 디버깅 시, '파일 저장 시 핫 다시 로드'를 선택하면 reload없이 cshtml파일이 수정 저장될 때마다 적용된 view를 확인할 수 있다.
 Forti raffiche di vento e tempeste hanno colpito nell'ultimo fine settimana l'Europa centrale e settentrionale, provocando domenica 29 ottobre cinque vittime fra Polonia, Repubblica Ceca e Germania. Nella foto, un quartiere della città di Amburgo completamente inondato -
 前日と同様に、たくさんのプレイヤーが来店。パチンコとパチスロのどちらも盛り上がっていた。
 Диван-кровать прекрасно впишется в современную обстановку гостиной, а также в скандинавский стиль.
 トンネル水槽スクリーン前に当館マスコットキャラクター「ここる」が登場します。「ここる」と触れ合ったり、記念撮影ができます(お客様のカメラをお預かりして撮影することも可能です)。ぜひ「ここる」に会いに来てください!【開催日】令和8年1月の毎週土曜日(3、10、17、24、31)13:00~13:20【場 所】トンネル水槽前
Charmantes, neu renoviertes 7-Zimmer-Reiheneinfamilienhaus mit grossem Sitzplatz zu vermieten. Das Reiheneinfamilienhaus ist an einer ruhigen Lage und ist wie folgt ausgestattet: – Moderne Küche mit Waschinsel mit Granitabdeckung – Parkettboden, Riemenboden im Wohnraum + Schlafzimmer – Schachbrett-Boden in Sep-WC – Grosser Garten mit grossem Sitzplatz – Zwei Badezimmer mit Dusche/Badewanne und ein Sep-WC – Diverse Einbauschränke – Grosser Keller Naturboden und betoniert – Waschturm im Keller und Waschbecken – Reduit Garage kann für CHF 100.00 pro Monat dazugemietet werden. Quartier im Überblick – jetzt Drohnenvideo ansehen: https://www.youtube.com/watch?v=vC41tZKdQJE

——————

WHAT NEEDS TO BE DONE >> Print the data again exactly.

FINISHED EXERCISE >>
 디버깅 시, '파일 저장 시 핫 다시 로드'를 선택하면 reload없이 cshtml파일이 수정 저장될 때마다 적용된 view를 확인할 수 있다.
 Forti raffiche di vento e tempeste hanno colpito nell'ultimo fine settimana l'Europa centrale e settentrionale, provocando domenica 29 ottobre cinque vittime fra Polonia, Repubblica Ceca e Germania. Nella foto, un quartiere della città di Amburgo completamente inondato -
 前日と同様に、たくさんのプレイヤーが来店。パチンコとパチスロのどちらも盛り上がっていた。
 Диван-кровать прекрасно впишется в современную обстановку гостиной, а также в скандинавский стиль.
 トンネル水槽スクリーン前に当館マスコットキャラクター「ここる」が登場します。「ここる」と触れ合ったり、記念撮影ができます(お客様のカメラをお預かりして撮影することも可能です)。ぜひ「ここる」に会いに来てください!【開催日】令和8年1月の毎週土曜日(3、10、17、24、31)13:00~13:20【場 所】トンネル水槽前
Charmantes, neu renoviertes 7-Zimmer-Reiheneinfamilienhaus mit grossem Sitzplatz zu vermieten. Das Reiheneinfamilienhaus ist an einer ruhigen Lage und ist wie folgt ausgestattet: – Moderne Küche mit Waschinsel mit Granitabdeckung – Parkettboden, Riemenboden im Wohnraum + Schlafzimmer – Schachbrett-Boden in Sep-WC – Grosser Garten mit grossem Sitzplatz – Zwei Badezimmer mit Dusche/Badewanne und ein Sep-WC – Diverse Einbauschränke – Grosser Keller Naturboden und betoniert – Waschturm im Keller und Waschbecken – Reduit Garage kann für CHF 100.00 pro Monat dazugemietet werden. Quartier im Überblick – jetzt Drohnenvideo ansehen: https://www.youtube.com/watch?v=vC41tZKdQJE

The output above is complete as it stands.